BY STACI WILSON
In 1903, the country’s first Homesteader, Daniel Freeman, brought an elm tree from his Breatrice, Neb., property to Susquehanna County as local residents celebrated Galusha Grow – known as the father of the Homestead Act.
Grow, a prominent lawyer and politician, served in the U.S. House of Representatives and served as Speaker of the House from July 1861 to March 1863.
While Civil War events dominated the legislative session, under Grow several major pieces of legislation – including the Homestead Act of 1962 – were signed into law.
The elm tree – placed on the Green in Montrose in 1973 – succumbed to disease.
A Green Ash tree was flown from Nebraska’s National Homestead Monument and was planted in place of the elm in 1973.
With the invasion of the Emerald Ash Borer – an Asian beetle that feeds on ash trees – the historic green ash now faces a fate similar to that of the elm it replaced.
Former Susquehanna County Forester Jim Kessler said ash trees are a major player among the beech and maple in the local forests, comprising about 10 percent of the wooded areas.
In the western part of the state, Kessler said the Emerald Ash Borer has killed most of the trees; and in Michigan and Wisconsin – where the EAB was first discovered – “it has killed essentially all of them.”
In Susquehanna County, apart from the Green Ash at the historical marker, White Ash is the dominant variety, Kessler said.
Emerald Ash Borer
The invasive pest was first confirmed in Michigan and Ontario, Can. in 2002. Since then, the Emerald Ash Borer has branched out, coming into western Pennsylvania in 2007. EAB was first seen in Susquehanna County in 2014.
According to emeraldashborer.info, the adult beetles eat the tree’s foliage. It is the larvae that do the damage. They feed on the inner bark, disrupting the tree’s ability to transport water and nutrients.
The EAB is typically a bright, metallic, emerald-colored insect, about one-half inch in length. Its bottom side is coppery-red in color.
The beetle lays its eggs in the bark, with the larvae doing the damage to the tree’s interior before emerging through a D-shaped hole in the bark.
On Thursday, July 30, local tree care expert Joe Pipitone, of Top Notch Property Services and Top Notch Tree Care, of New Milford, and EAP urban forestry expert Trent Dicks of Arborjet, applied a treatment to the stately Ash that will protect it from infestation.
Dicks said, “If we don’t treat the tree, it will die.”

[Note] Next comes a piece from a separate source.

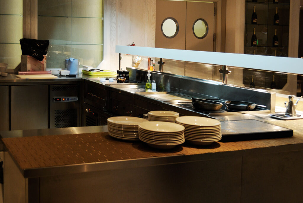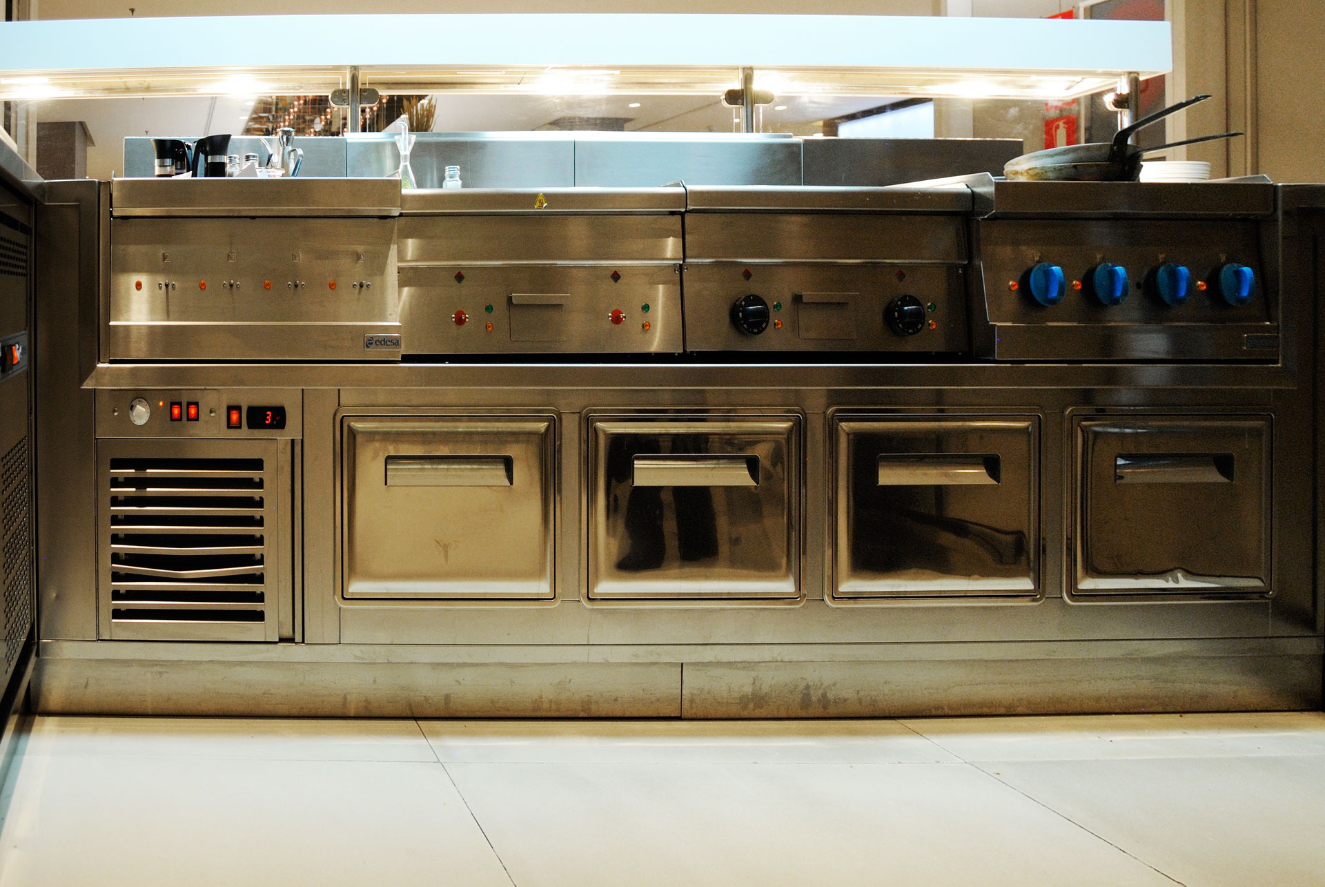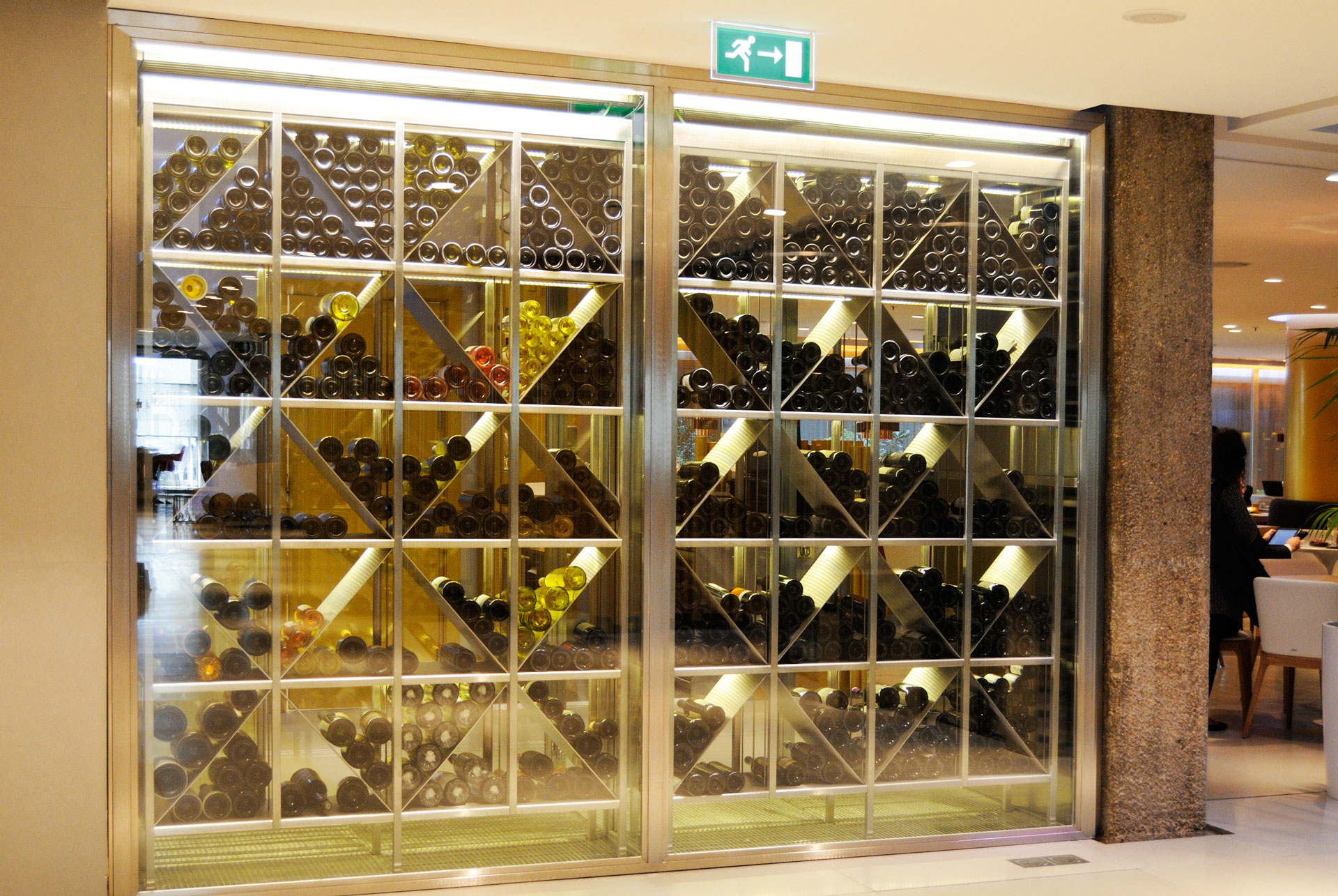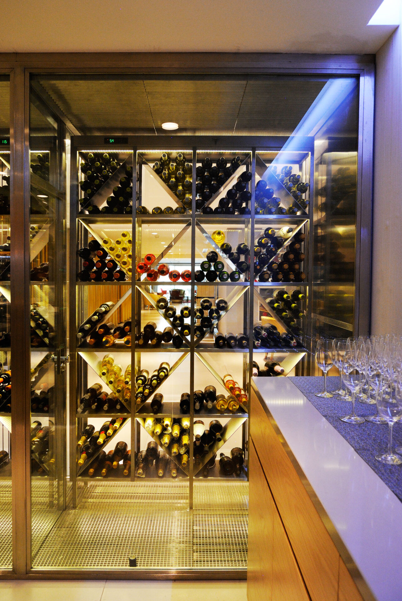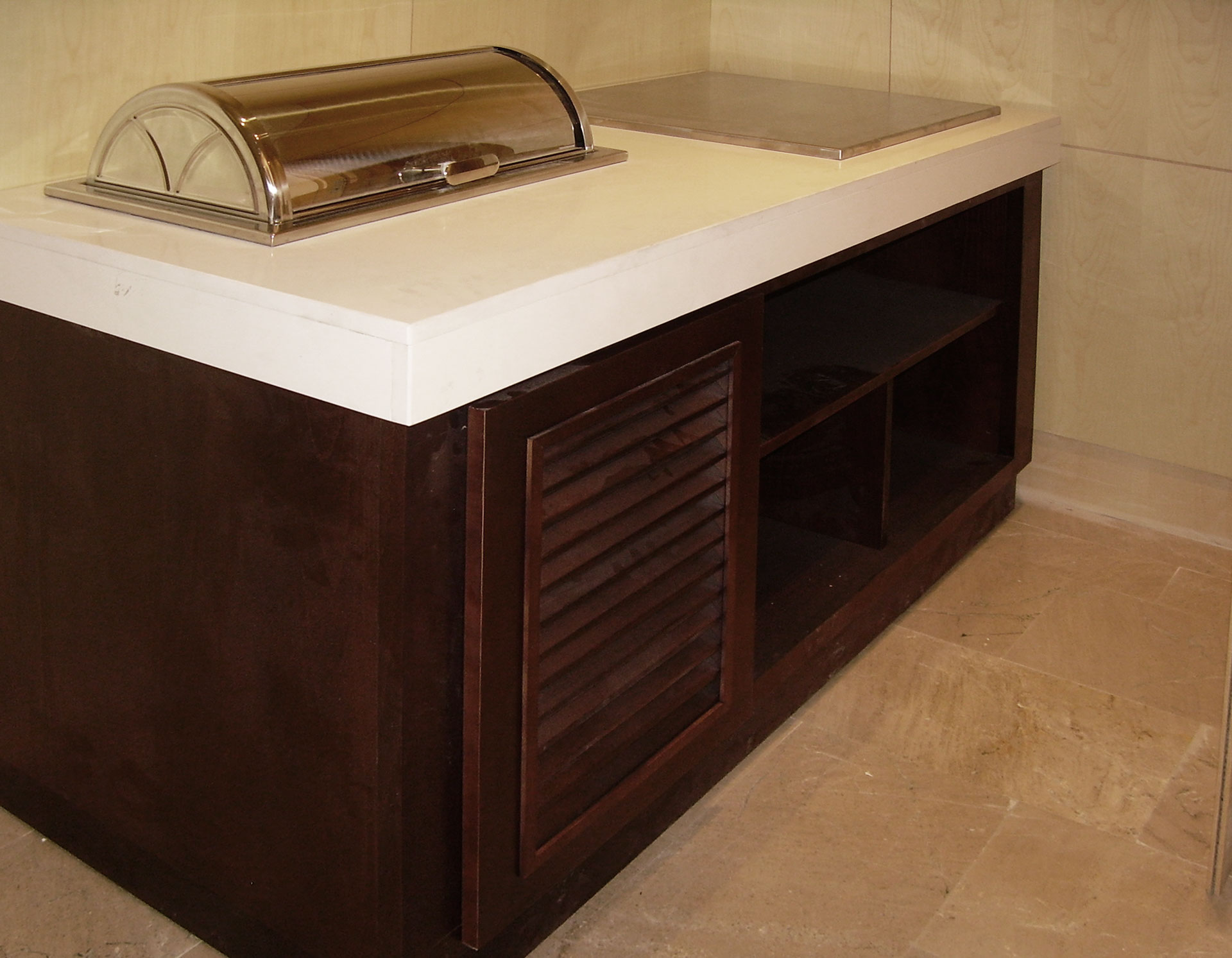 Mueble buffet con zona de cocción y vinoteca con muebles fabricados a medida.

“EAB starts its attack from the tender part up top,” Pipitone said. “By the time you see it, (the tree) might be in a state of decline past saving.”
The canopy dieback begins in the top one-third of the tree and progresses until the tree if bare, according to information put out by Michigan State University Extension.

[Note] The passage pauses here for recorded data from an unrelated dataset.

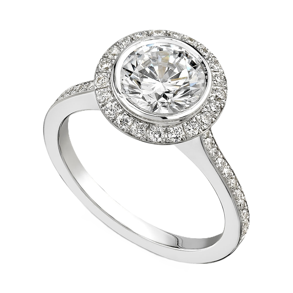 We offer engagement rings including traditional solitaire engagement rings, rings with sidestones, three stone rings, tension set rings and designer rings.
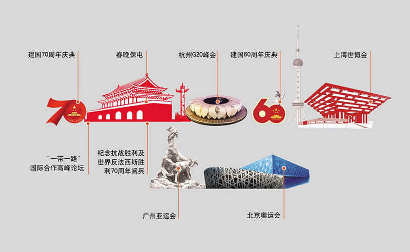 基于安全穩定的系統方案、及時完善的工程服務、靈活周密的現場指揮、專業合作的項目團隊,产品中心成功完成建國70周年國慶慶典、“一帶一路”國際合作高峰論壇、春晚保電、杭州G20峰會、建國60周年慶典、上海世博會、廣州亞運會、北京奧運會等國家級重大政治活動保電工程,受到了業界一致肯定,产品中心亦被業界媒體冠以“保電專家”稱號。
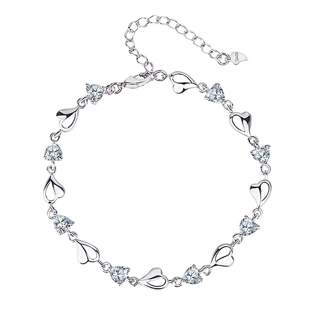 Korean Fashion Silver Jewelry Sky Blue Crystal Zircon Love Bracelet Female Birthday Gift Couple Bracelet Accessories Bracelet
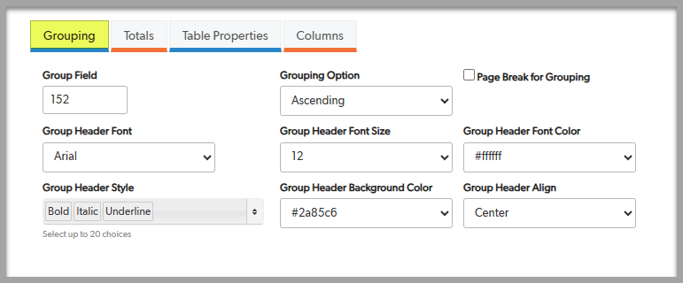 Group Header Font Size | Numeric | Font size for grouping header. Use integer numeric value (No decimals) |
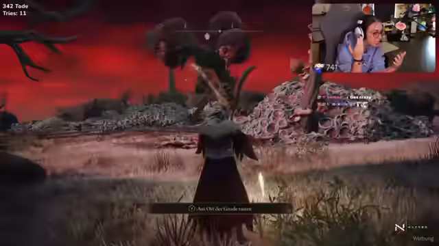 01:32:40Nach einigen Level-Up-Aktionen und dem Gefühl, etwas besser vorbereitet zu sein, entschied sich Streamer, das rote Gebiet zu erkunden. Dieses Gebiet stellte ihn vor neue, stärkere Gegner und war visuell und atmosphärisch anders als die bisherigen Areale. Er war unsicher über die genauen Ziele und suchte nach weiteren Bossen oder Siegel-Gefängnissen, während er sich durch die ungewöhnliche Welt navigierte.
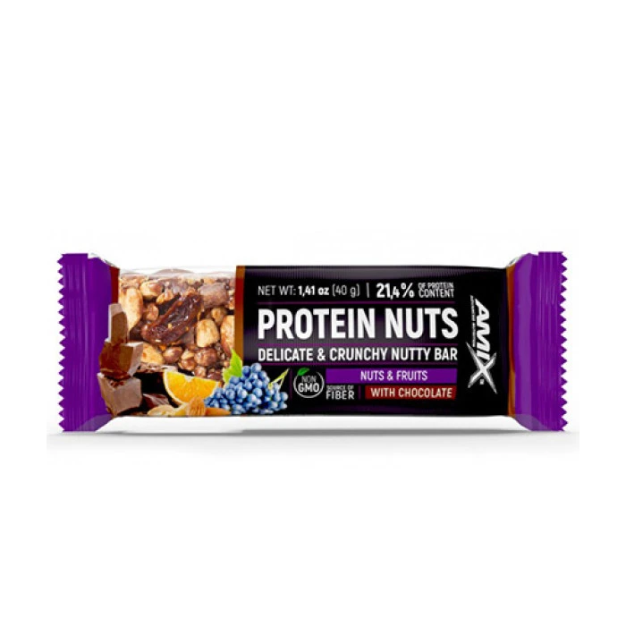 AMIX Protein Nuts Crunchy Nutty Bar / 40g е чудесно решение за всеки ден. Ако се случи така, че нямате възможност да се нахраните както обикновено, може спокойно да разчитате на него. С високото си съдържание на протеини и въглехидрати, Protein Nuts Crunchy Nutty Bar не оставя шанс на глада. Засища чудесно, при това е толкова здравословен. В състава му са включени специално подбрани видове ядки, залети с вкусен школад, което го превръща и в идеалния десерт за спортисти и всички, които искат да се хранят здравословно. Заради това, че подсигурява на организма над 21% от необходимия протеин, вкусният бар е отлична възможност за подпомагане натрупването на мускулна маса и възстановяване силите на организма. Една доза: 1 бар Начин на приемане: Препоръчва се по 1 бар дневно – винаги, когато имате нужда от повече сили и енергия или просто ви се хапва нещо сладко. Дози в опаковка: 1 доза Вкус: 4 страхотни вкуса - ядки и плодове, бадеми и тиквено семе, кокос и кашу, фъстъци и карамел Съставки: ядки, шоколад 1 бар има: 12,6 гр мазнини 12,7 гр въглехидрати 6 гр захар 9,1 гр протеин Забележки: Не употребявайте продукта при непоносимост към някоя от съставките. Съчетавайте с балансирана диета и упражнения. Да се съхранява на място, недостъпно за деца. Поръчай сега от Спортен склад БГ AMIX Protein Nuts Crunchy Nutty Bar / 40g с експресна доставка!
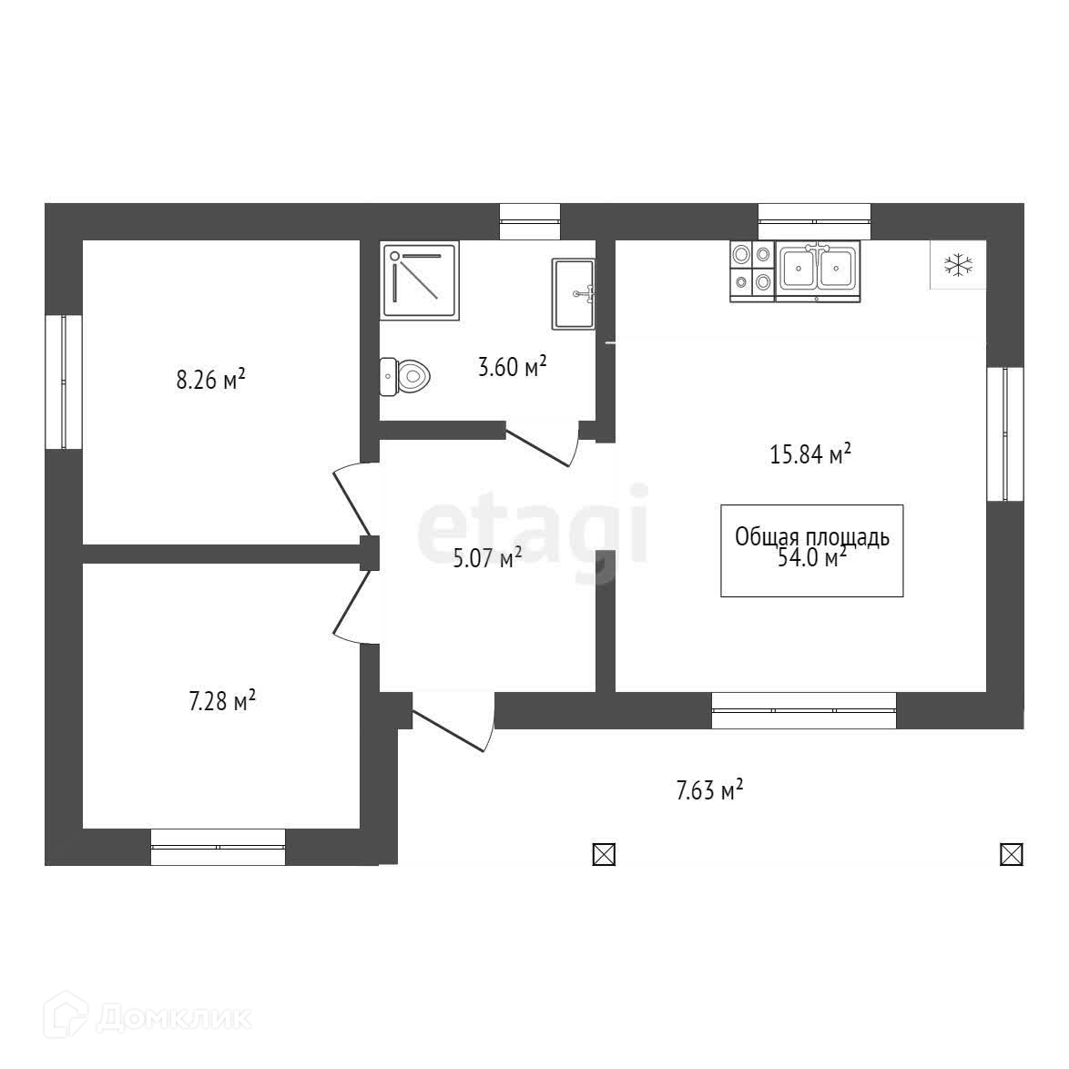 Общая площадь 54 м2

Another sign to look for, Pipitone said, is the tree sprouting “new life” from its base. At that point, damage from the EAB is “probably far advanced.”
The D-shaped hole creating by the emerging EAB is another tell-tale indicator; as is a heavy presence of woodpeckers.
With EAB first discovered in Susquehanna County in March 2014, Dicks said it is recommended that trees within 20 miles receive treatment.
Without treatment, within three to five years, Dicks said, the untreated ash trees will be wiped out.
Dicks recommends treatment for ash trees located near homes or ones that property owners value.
In order to treat the tree, holes were drilling into the base of the tree; plugs with injection needles were set into the holes; and the chemical “TREE-age-” was delivered into the tree.
Pipitone said the treatment would then travel up the tree, and distribute it throughout the canopy.
The TREE-age kills both the EAB adult and larvae; and the direct injection into the tree prohibits exposure to the surrounding soil.
Since the product is not sprayed on the leaves or bark, animals that come in contact with the tree, like squirrels or butterflies, are not affected by the insecticide.
The treatment lasts for two or more years and has been 99 percent effective. Pipitone plans to return in two years to re-innoculate the tree.